How to - Landscape Garden Design Ideas


How to design a beautiful garden for year round pleasure. Designing your garden to be beautiful not just in spring and summer but also in winter in the key to a successful year round garden. People love to use their garden and be outdoors as much as possible, so it makes sense to design your garden for year round use.


There are many factors involved when designing and building a garden, but the two main factors should be functionality and aesthetics. A garden should be designed to be used at all times of the year including winter. By creating spaces that revolve around the house and its uses, and using the sun’s winter and summer patterns to your advantage, this can be achieved.

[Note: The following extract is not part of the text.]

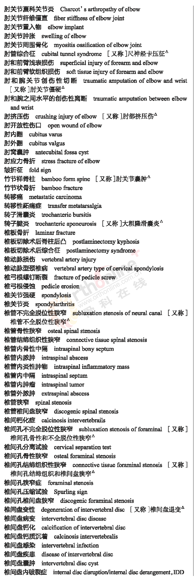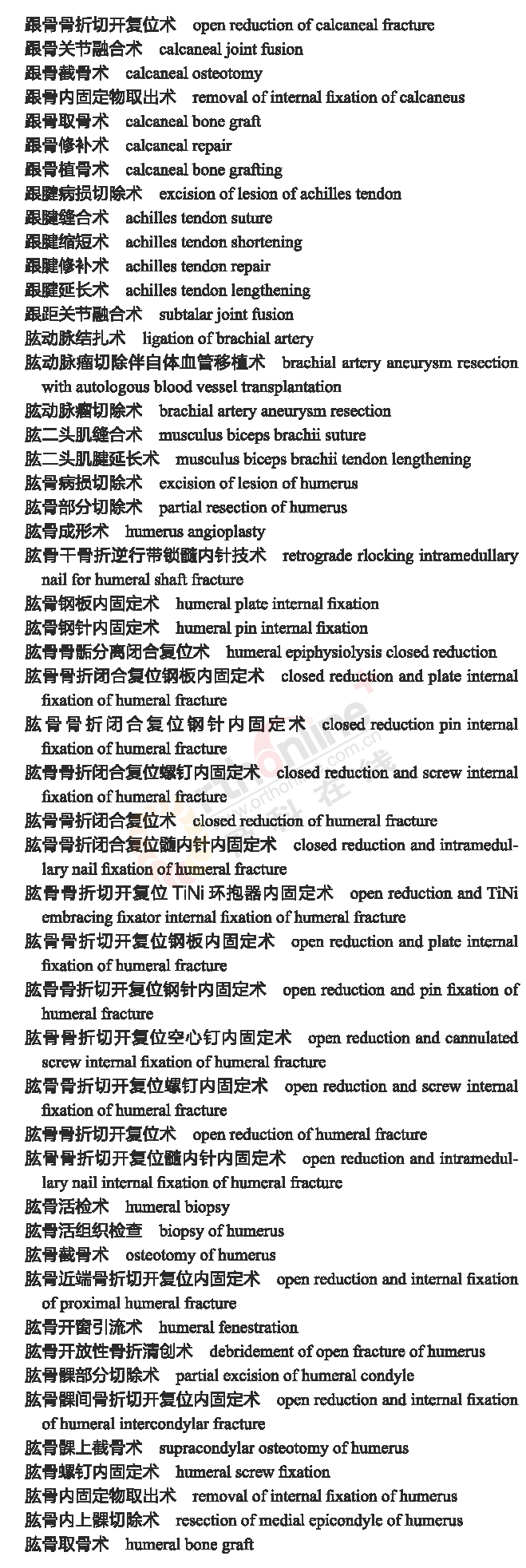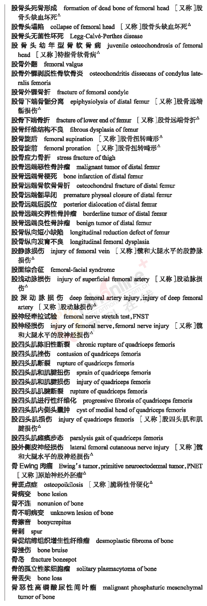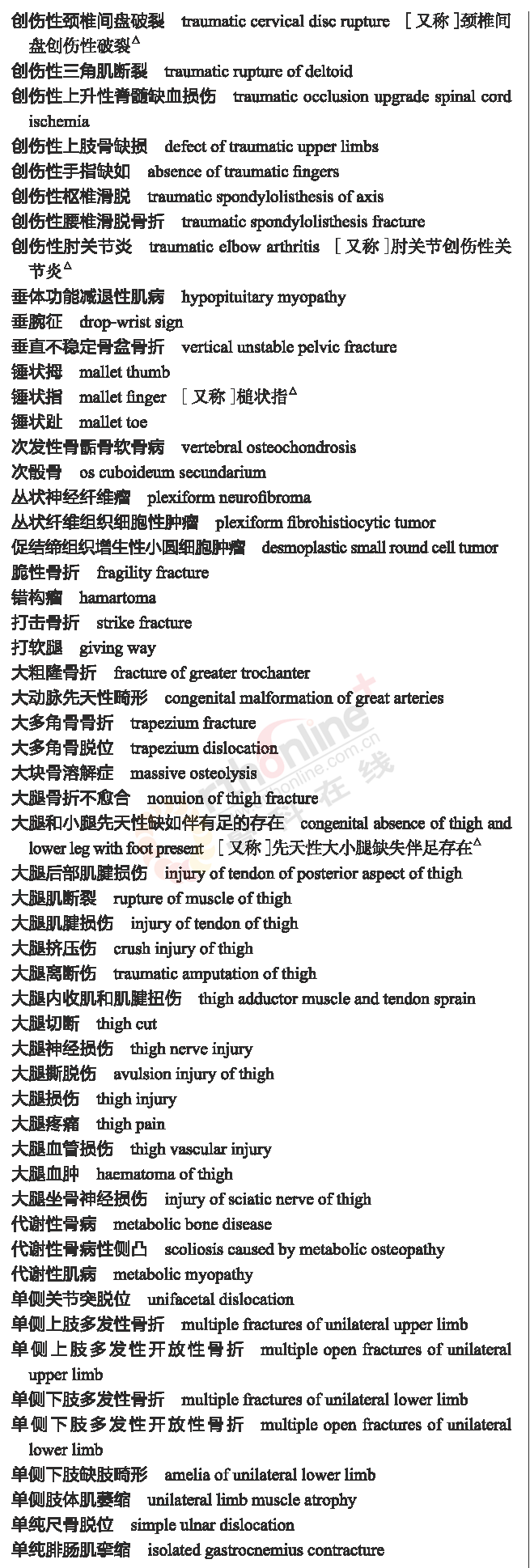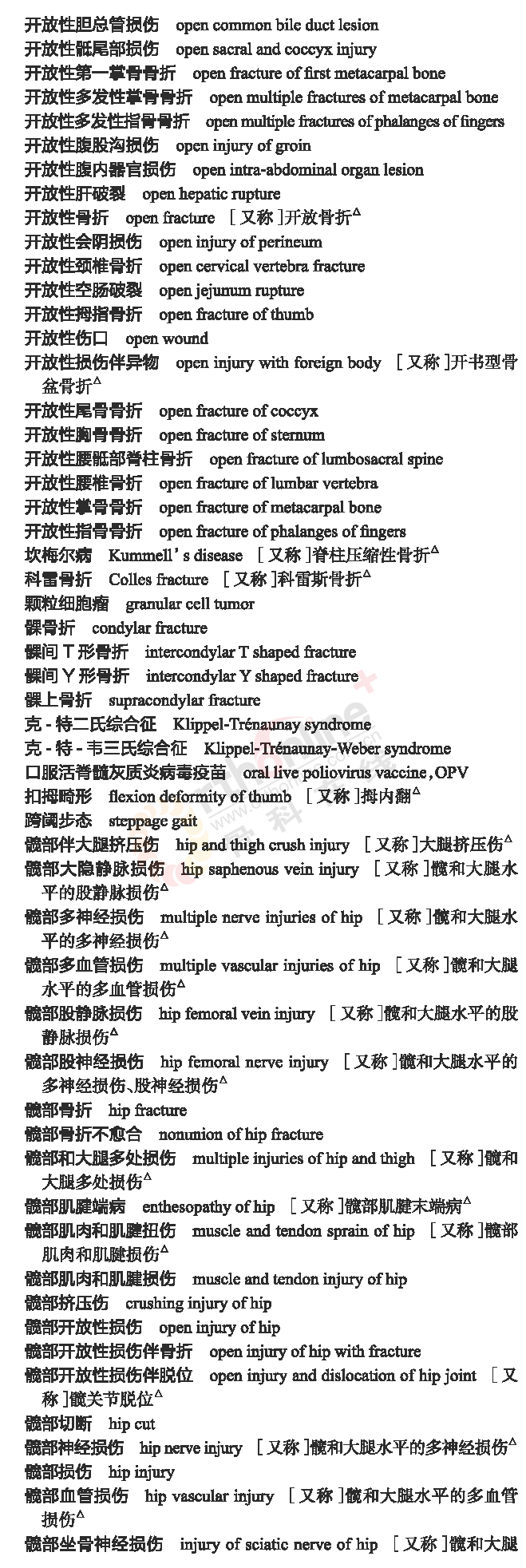 骨科常用临床医学名词
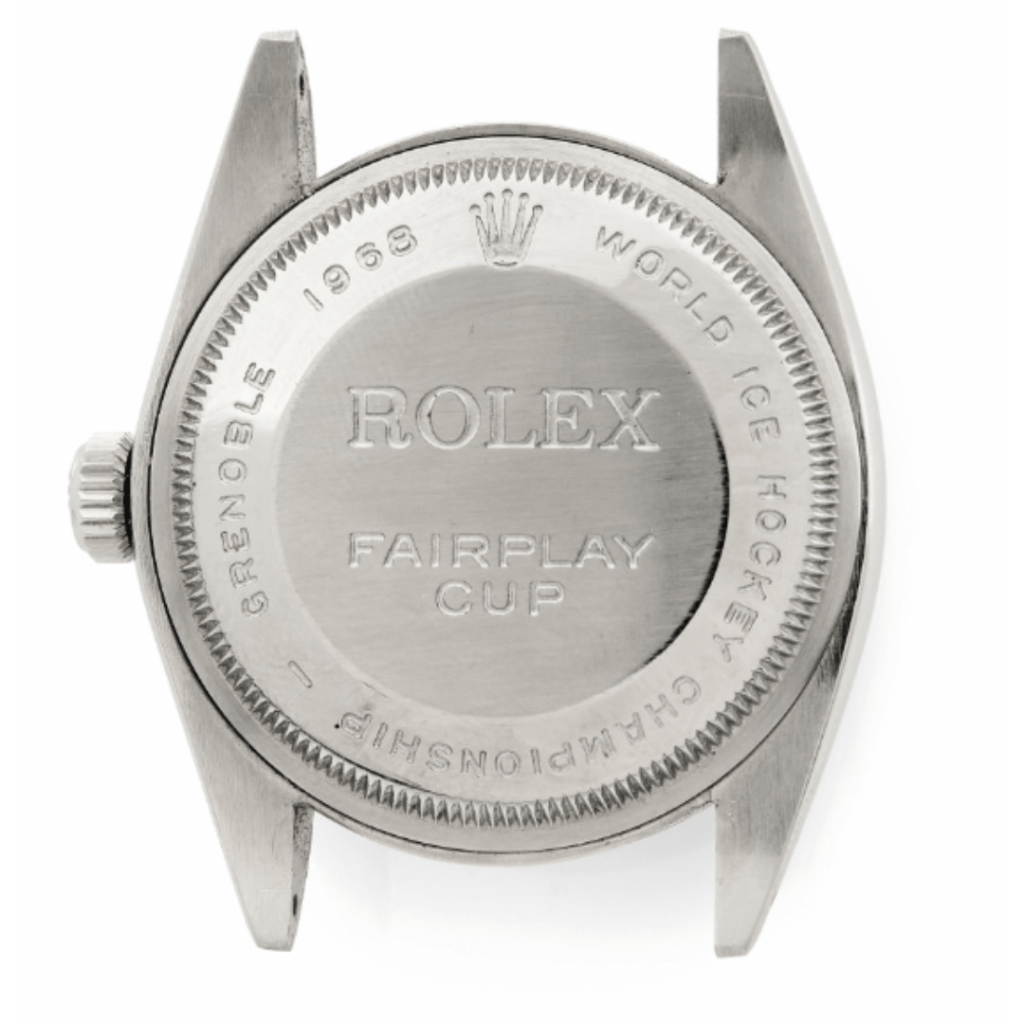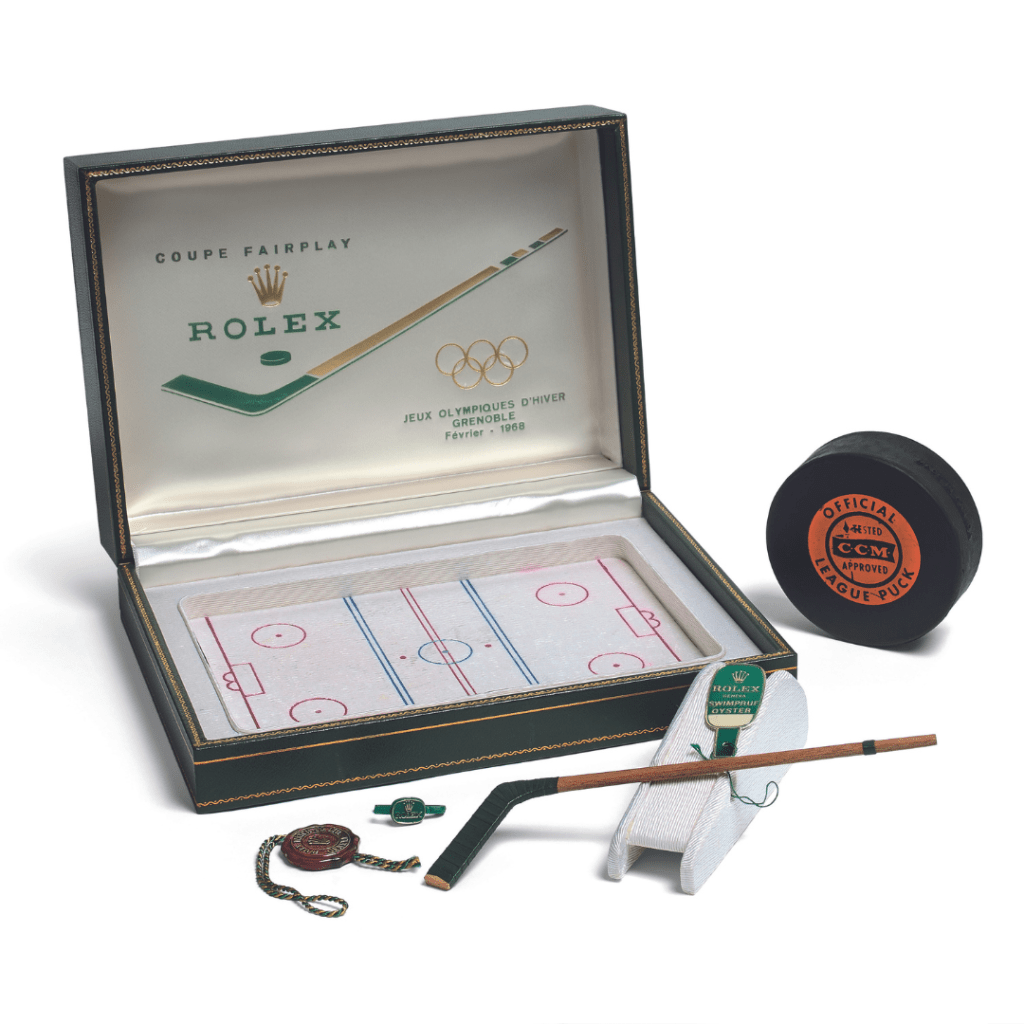 Sur fond de Printemps de Prague, les affrontements entre les équipes d’URSS et de Tchécoslovaquie devaient être parmi les rencontres les plus intenses de l’histoire des Jeux Olympiques. Dans ce contexte de tension particulier, Rolex, partenaire de l’événement, soutient les épreuves avec un prix spécial : la » Rolex Fairplay Cup « . Lancée en 1963, lors du championnat du monde de Hockey sur glace, ce prix spécial récompense l’équipe qui totalise le moins de minute de pénalisation durant la compétition. Accompagnée d’un écrin particulièrement original, représentant une patinoire de hockey sur glace comprenant une canne miniature et un véritable puck, cette montre est un collector insolite.

A fully functional winter garden should make maximum use of the winter sun. This can be done by simply placing the garden in full sun, or more carefully and creatively with the use of deciduous trees such as Japanese Maples or Magnolias. Deciduous trees will help to define a space and create an intimate garden by framing the area, while allowing maximum sun to permeate. Paving a winter garden space also adds a reflective element to the garden, adding much needed solar warmth to the space. By creating a more enclosed space with the use of fencing or a green wall along the back of a garden, one can effectively eliminating any wind and ‘catching’ the sun, this creates a micro climate where the sun is ‘trapped’ in the space.


Despite popular opinion there are actually a plethora of plants, shrubs and trees that will flower during winter. Some examples of flowering trees include Magnolias, ornamental cherries and apples. The most impressive winter flowering shrubs are of course the Camellias. Include shrubs such as Daphne, Helleborus, Osmanthus (which incidentally are all scented) and the multitude of flowering bulbs and there you have a bright colourful winter garden.


Winter colour, and indeed year round colour, can also be achieve with the use of coloured foliage plants. For a more tropical style garden Cordylines, Ctenanthe, Gingers and Bromeliads can be used to get a colourful effect.


All these factors should be considered when accessing your garden design along with site analysis, structural needs and functionality of the landscape. Consider what you want from your garden and how you want to use to, this will help with the design process and getting the most out of your landscaped garden.